After all, the country that takes a commanding lead in technologies like quantum computing or artificial intelligence could turn that into an unbeatable advantage, either in terms of global economics or even military might.
And 5G is one of the handful of buzzwords that policymakers and others have put at the center of this evolving battle. That’s no real surprise considering many futurists expect high-speed wireless networks to eventually connect all types of daily objects, from phones to cars to drones to computers.
As a result, operators and vendors in both countries have made significant strides toward building 5G networks and selling 5G phones and services.
Thus, here at the end of 2020, it’s worth taking a look at exactly how the US and China stack up in 5G. Here is an apples-to-apples comparison of 5G in both counties, based on third-quarter 2020 data collected by Speedtest provider Ookla and provided to Light Reading.

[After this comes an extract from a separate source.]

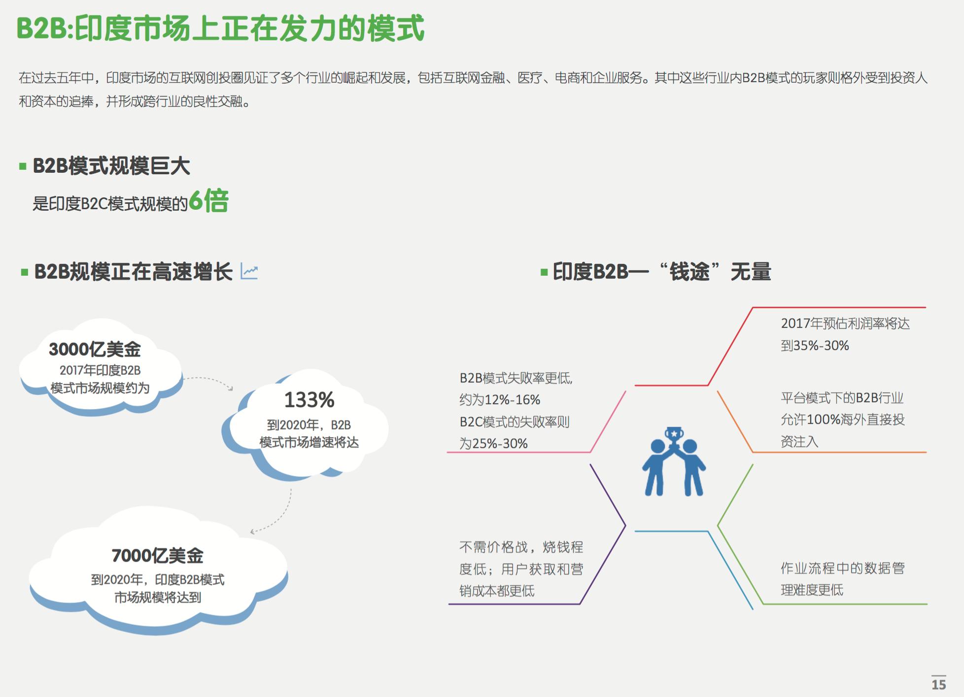 相比较B2C行业,B2B行业具有B2B模式失败率更低(约为12%-16%)、不需价格战,烧钱程度低(不烧钱在印度市场难能可贵)、利润率更高(2017年预估利润率将达到35%-30%)、作业流程中的数据管理难度更低等优势。

Importantly, the company also noted that its figures include a “confidence interval” (CI), which represents the range of values in which the firm believes the correct number is likely to be. Here’s that data:
- 5G median download 301.60 Mbit/s [95% CI: range 300.97 to 302.18]

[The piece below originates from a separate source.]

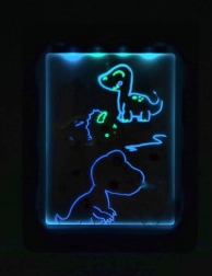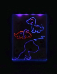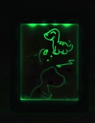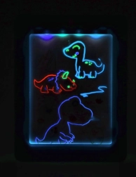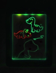 Entdecken Sie leuchtenden Spaß! Das Neon-LED-Board für Kinder kombiniert eine hinterleuchtete Fläche und farbige Stifte für atemberaubende Lichteffekte. Es bietet 7 LED-Modi, leichtes Abwischen und Arbeiten mit Schablonen Dinosaurier/Tiere/Weltraum. Ideal zur Förderung der Kreativität, Feinmotorik und Konzentration – das perfekte Geschenk ab 5 Jahren.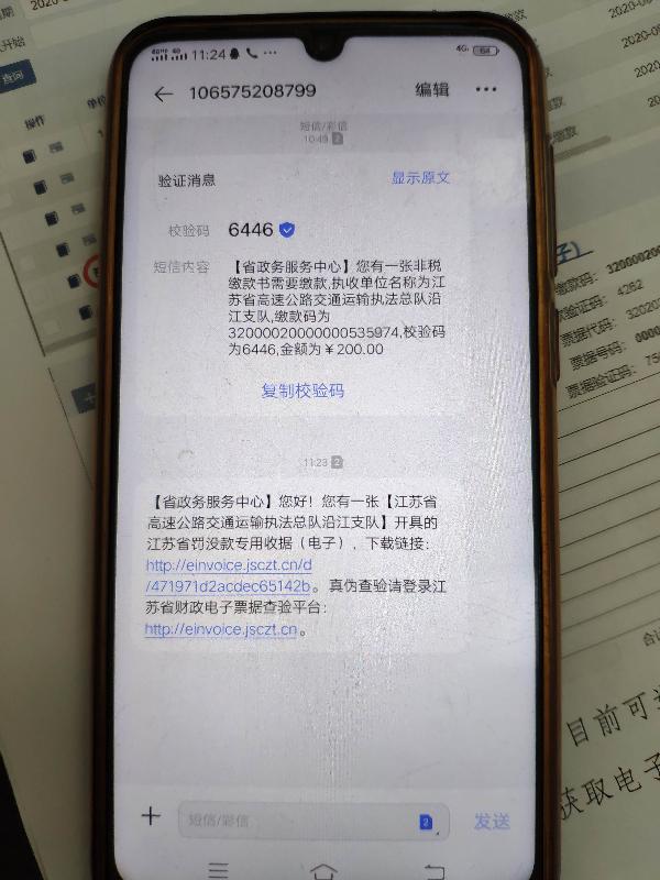 在大队交通行政执法人员的引导下,当事人通过手机接收到的短信网址登录江苏省财政电子票据查验平台,顺利获取一张电子罚没款票据。

- 5G median upload 52.33 Mbit/s [95% CI: range 52.08 to 52.59]
- time 5G-capable devices spend on 5G is 7.78% [95% CI: range 7.60 to 7.99]
- 5G median download 64.11 Mbit/s [95% CI: range 63.72 to 64.52]

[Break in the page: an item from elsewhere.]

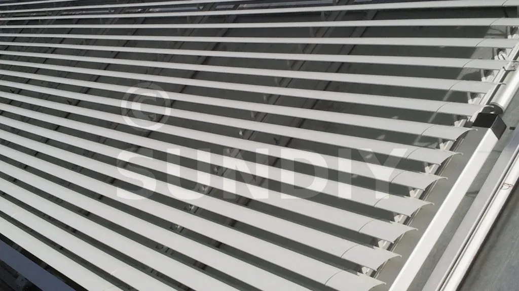 Pour les persiennes Sunshield 80-R, les lames sont mobiles et peuvent être placées dans n’importe quelle position entre 0 et 90 degrés. Les systèmes de persiennes pare-soleil, les stores peuvent être installés horizontalement, verticalement, dans n’importe quelle pente souhaitée et à l’envers.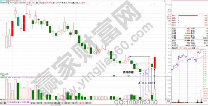 如果上圖所示,這只股票就是逆市漲停,所以我們就可以將這些分析濃縮為四句話,即凹底真底不破,梯四縮量假跌,假跌柱上設伏,擇型擇機淘金。

- 5G median upload 16.23 Mbit/s [95% CI: range 16.10 to 16.34]
- time 5G-capable devices spend on 5G is 14.8% [95% CI: range 14.60 to 15.01]
This data is noteworthy considering it’s a direct comparison apples to apples of the 5G offerings in the two countries collected by the same company using the same methods. It’s also representative of actual customer experiences, considering Ookla monitors actual network conditions via software inside the phones of real customers.
Of course, Ookla’s figures aren’t the only way to tabulate the “race to 5G” between the US and China. For example, China’s top mobile network operators recently collectively counted more than 150 million 5G users. And according to China’s telecom regulator, operators in that country have constructed more than 600,000 5G basestations so far.
In the US, there have been roughly 6 million 5G-capable phones ranging from the Samsung Galaxy S20 to the Motorola Edge+ sold so far this year, according to data from M Science.
But such figures only represent a part of the view, and are not directly comparable considering China counts 1.4 billion people across 3.1 million square miles while the US only counts around 330 million across 3.8 million square miles.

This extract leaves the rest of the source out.